• _Prompt_
Without the pictures, print the lines from the one holding "- Verde Mate" through the last line below, both included, exactly as they stand.

• _Provided information_
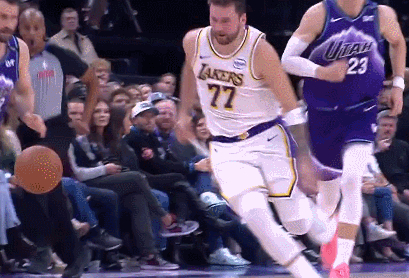 东契奇背运过人后面对双人包夹,降速滞空2+1打出,随后怒吼。
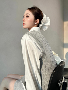 灰色v领针织马甲女早秋穿搭麻花韩系叠穿背心修身显瘦学院风上衣
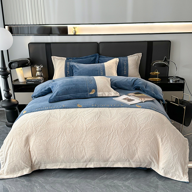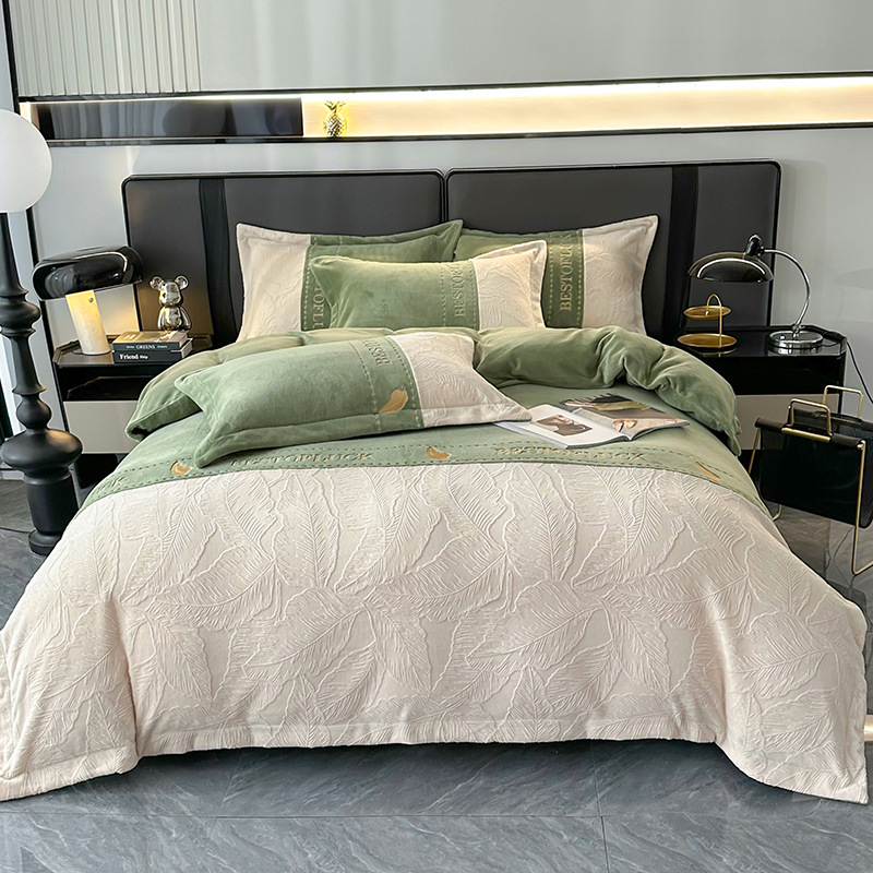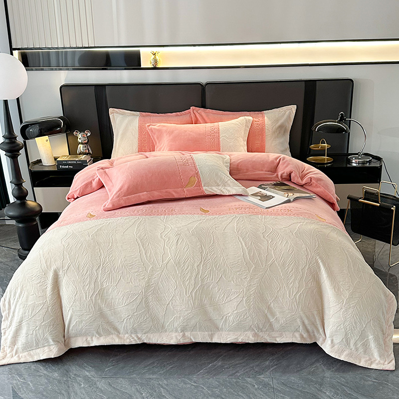 a类雕花牛奶绒四件套冬季加厚保暖高级感床单被套珊瑚绒床上用品 1套
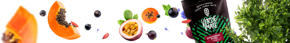 - Verde Mate Green Passionate Fruits on uskomattoman rikas makujen yhdistelmä, jota et voi vastustaa! Houkutteleva yhdistelmä yerba matea ja erilaisia hedelmiä: papaijaa, mustaherukkaa, goji-marjoja ja passionhedelmää.
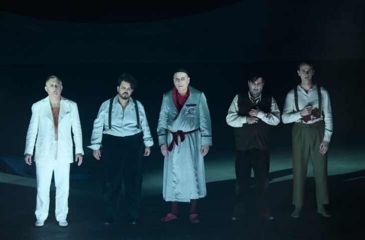 Toulouse. Théâtre du Capitole. 24-XI-2024. Bruno Mantovani (né en 1974) : Voyage d’Automne, opéra en trois actes sur un livret de Dorian Astor. Mise en scène : Marie Lambert-Le Bihan. Décors : Emanuele Sinisi. Costumes : Haria Ariemme. Lumières et vidéo : Yaron Abulafia. Avec : Pierre-Yves Pruvot, Marcel Jouhandeau ; Stephan Genz, Gerhard Heller ; Emiliano Gonzalez Toro, Ramon Fernandez ; Vincent Le Texier ; Jacques Chardonne ; Yann Beuron, Pierre Drieu La Rochelle ; Jean-Christophe Lanièce, Robert Brasillach ; William Shelton, Wolfgang Göbst ; Enguerrand De Hys, Hans Baumann ; Gabrielle Philiponet, La Songeuse. Chœur de l’Opéra national du Capitole (chef de chœur : Gabriel Bourgoin). Orchestre national du Capitole, direction musicale : Pascal Rophé

• _Worked solution_
 - Verde Mate Green Passionate Fruits on uskomattoman rikas makujen yhdistelmä, jota et voi vastustaa! Houkutteleva yhdistelmä yerba matea ja erilaisia hedelmiä: papaijaa, mustaherukkaa, goji-marjoja ja passionhedelmää.
 Toulouse. Théâtre du Capitole. 24-XI-2024. Bruno Mantovani (né en 1974) : Voyage d’Automne, opéra en trois actes sur un livret de Dorian Astor. Mise en scène : Marie Lambert-Le Bihan. Décors : Emanuele Sinisi. Costumes : Haria Ariemme. Lumières et vidéo : Yaron Abulafia. Avec : Pierre-Yves Pruvot, Marcel Jouhandeau ; Stephan Genz, Gerhard Heller ; Emiliano Gonzalez Toro, Ramon Fernandez ; Vincent Le Texier ; Jacques Chardonne ; Yann Beuron, Pierre Drieu La Rochelle ; Jean-Christophe Lanièce, Robert Brasillach ; William Shelton, Wolfgang Göbst ; Enguerrand De Hys, Hans Baumann ; Gabrielle Philiponet, La Songeuse. Chœur de l’Opéra national du Capitole (chef de chœur : Gabriel Bourgoin). Orchestre national du Capitole, direction musicale : Pascal Rophé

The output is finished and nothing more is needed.